Мистиф поднес палец к губам.
В ответ Миляга проговорил одними губами всего лишь одно слово:
— Еретик.
Было уже очень темно, и они оба посмотрели на костер. Огонь постепенно чах, по мере того как исчезали последние остатки седла Честера.
— Может быть, бросить в огонь немного меха, — предложил Миляга.
— Нет, — сказал Пай. — Пусть гаснет. Но смотри внимательно.
— На что?
— На что угодно.
— Разве что на тебя.
— Смотри на меня.
Так он и сделал. Лишения и невзгоды последнего времени почти не отразились на мистифе. Симметрию его черт не портила никакая растительность. Несмотря на спартанскую диету, щеки его не ввалились, глаза не запали. Смотреть на его лицо было все равно что возвращаться к любимой картине в музее. Вот оно, перед ним — воплощение покоя и красоты. Но в отличие от картины это лицо, которое в настоящий момент казалось таким неизменным и незыблемым, обладало способностью к бесконечным вариациям. Прошли месяцы с той ночи, когда он впервые столкнулся с этим явлением. Но теперь, когда костер догорал и тени вокруг них сгустились, он понял, что приближается то же самое сладкое чудо. В мерцании умирающего пламени симметрия его лица поплыла, плоть под его взглядом словно бы стала жидкой.
— Я хочу увидеть… — пробормотал он.
— Тогда наблюдай.
— Но костер гаснет.
— Нам не нужен свет для того, чтобы видеть друг друга, — прошептал мистиф. — Будь внимательнее.
Миляга сосредоточился на маячившем перед ним лице. Глаза его заболели от напряжения, но у них не было сил сражаться с подступающей темнотой.

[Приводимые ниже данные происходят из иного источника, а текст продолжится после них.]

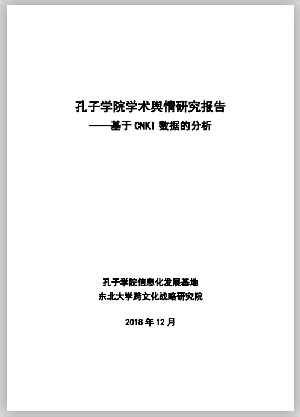 基地于2018年12月提交了一份题为《孔子学院学术舆情研究报告——基于 CNKI 数据的分析 》的资政报告。该报告对2004年以来CNKI的全部文献数据进行了统计分析,描述了学术界在该阶段对孔子学院研究的总体情况和年度走势,排名前40位的二级研究机构、期刊论文、学位论文、报纸文章和会议论文分布情况及各自的走势情况等等,为孔子学院的学术发展提供参考借鉴,并对孔子学院的发提出了有价值的建议。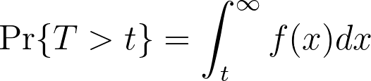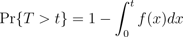 In other words, F(t) gives the probability that the observed elapsed time T is less than the specific time t being evaluated in the expression. However in survival analysis, we’re generally not interested in the probability that the event has occurred by a specific time. Rather, we would like to know the probability that the event has not occurred by a specific time. We can use a few of the facts presented earlier about the pdf and the cdf to give this mathematical form.

— Прекрати смотреть… — сказал Пай, и голос его раздался словно из догорающих углей. — Прекрати смотреть. Ты должен увидеть.
Миляга попытался понять смысл этих слов, но он поддавался анализу примерно в той же степени, что и темнота перед ним. Два чувства изменили ему в этот момент — физическое и лингвистическое, два способа удержать под контролем ускользающий от него мир. Это было похоже на репетицию смерти, и паника охватила его. Иногда ночами он испытывал подобную панику, просыпаясь в своей постели и чувствуя, что его кости стали клеткой, кровь — овсяной кашицей, а единственная реальность — это его собственный распад. В таких случаях он вставал и включал весь свет в квартире, чтобы успокоить расстроенные чувства. Но здесь не было света. Только тела, которые все сильнее пробирал холод.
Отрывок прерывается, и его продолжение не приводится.